As for an interpreter I have not really thought about it too hard. It might be harder than I was originally considering because I was thinking in the context of a full data trace which would just let you re-run the program + interpreter. With just an instruction trace you might need a lot more support from the interpreter. Alternatively, you might be able to do it if the interpreter internals properly separate out handling for the interpreted instructions and you could use that to reverse engineer what the interpreted program executed. Though that would probably require a fair bit of language/interpreter-specific work. Also, given the expected relative execution speeds of probably ~10x, it would probably not be so great since you get so much less execution per unit of storage.

roca · on May 4, 2021

With just an instruction trace you can't figure out which application code the interpreter executed. AFAIK modern Java VMs all use tiered compilation which means there is likely to be some interpreted code sprinkled around even if the majority is JITted code. This is going to mess you up.

As for the JIT, it's not clear to me that modern Java VMs actually maintain a complete machine-code-to-application-bytecode mapping.
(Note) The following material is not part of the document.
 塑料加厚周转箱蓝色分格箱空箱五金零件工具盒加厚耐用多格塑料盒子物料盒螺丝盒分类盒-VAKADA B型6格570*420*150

It would be good for Pernosco if they did, but I think it's more likely they keep around just enough metadata to generate stack traces, and otherwise rely on tier-down with on-stack replacement to handle debugging with breakpoints, at least for the highest JIT tiers.

jeffbee · on May 3, 2021

It is fairly surprising to me that FB would pay a roughly 5% throughput penalty to get this.

slver · on May 3, 2021

In a car, you get the best speed when you press the pedal to the metal and close your eyes. Yet we pay performance penalty by driving it, instead.

r00fus · on May 3, 2021

Car analogy is not applicable - think more instead of lowering speed of the entire high-speed roadway by 5mph (e.g. by road material/quality) - has a qualitative difference at that scale.

slver · on May 3, 2021

Point is slowing down a bit, allows us to see what's happening, so we can make course corrections, and crash less.
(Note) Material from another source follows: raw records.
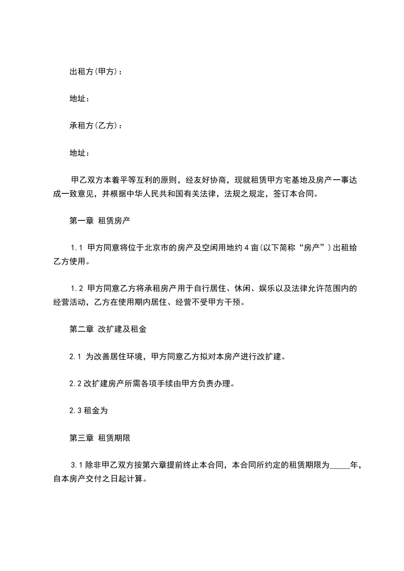 1、甲方同意将位于北京市的房产及空闲用地约4亩(以下简称“房产”)出租给乙方使用。
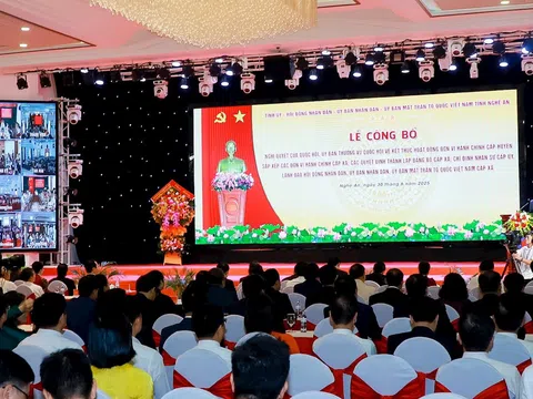 Sáng 30/6, tại TP. Vinh, Tỉnh ủy, HĐND, UBND, Ủy ban MTTQ Việt Nam tỉnh Nghệ An long trọng tổ chức Lễ công bố Nghị quyết của Quốc hội, Ủy ban Thường vụ Quốc hội và các quyết định quan trọng của tỉnh liên quan đến việc kết thúc hoạt động đơn vị hành chính cấp huyện, sắp xếp các đơn vị hành chính cấp xã; thành lập tổ chức đảng, chỉ định nhân sự cấp ủy, lãnh đạo HĐND, UBND và Ủy ban MTTQ Việt Nam cấp xã.
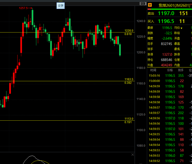 焦煤2601合约:基本面:上游焦煤库存去化放缓,523 家矿山去库 21.73 万吨,洗煤厂、港口分别累库 23.77 万吨、11.08 万吨,整体压力不大。下游独立焦企焦炭去库 1.43 万吨至 66.41 万吨,钢厂焦炭补库后可用天数增 0.13 天至 11.42 天,库存结构优化。技术面:焦煤整体上涨乏力,初现颓势1225平台破位,短线级别死叉向下趋势看弱下方支撑先看1160支撑情况操作建议:焦煤反弹高空为主下方支撑1160

That's an understandable tradeoff for car driving.

It's an understandable tradeoff for Facebook debugging.

Ergo, we do it.

adamfeldman · on May 3, 2021

Where does the 5% number come from? I didn't see it in the article or on the linked page for Intel Processor Trace.

jeffbee · on May 3, 2021

Pulled from my experience. How much stuff needs to be logged depends on the structure of the program, and different programs are more or less sensitive to having some of their memory store bandwidth stolen.

adamfeldman · on May 3, 2021

Thank you for sharing!

sacheendra · on May 3, 2021

It is not that surprising. Facebook is complex ecosystem, and therefore experiences lots of outages/problems.

Looking at their status page (https://developers.facebook.com/status/dashboard/), they seem to have a problems every week. These are only the public ones!

I guess they figured they are losing more money due to these problems than the additional 5% they have to spend on infrastructure.

jeffbee · on May 3, 2021

I can see why an org would choose to do this, but the number is still frightening. At Google, we were held to a limit of at most 0.01% cost for sampling LBR events. 5% for debug-ability just seems really high.

DSingularity · on May 3, 2021

They must have a reason. Probably helps them resolve otherwise costly failures in good time.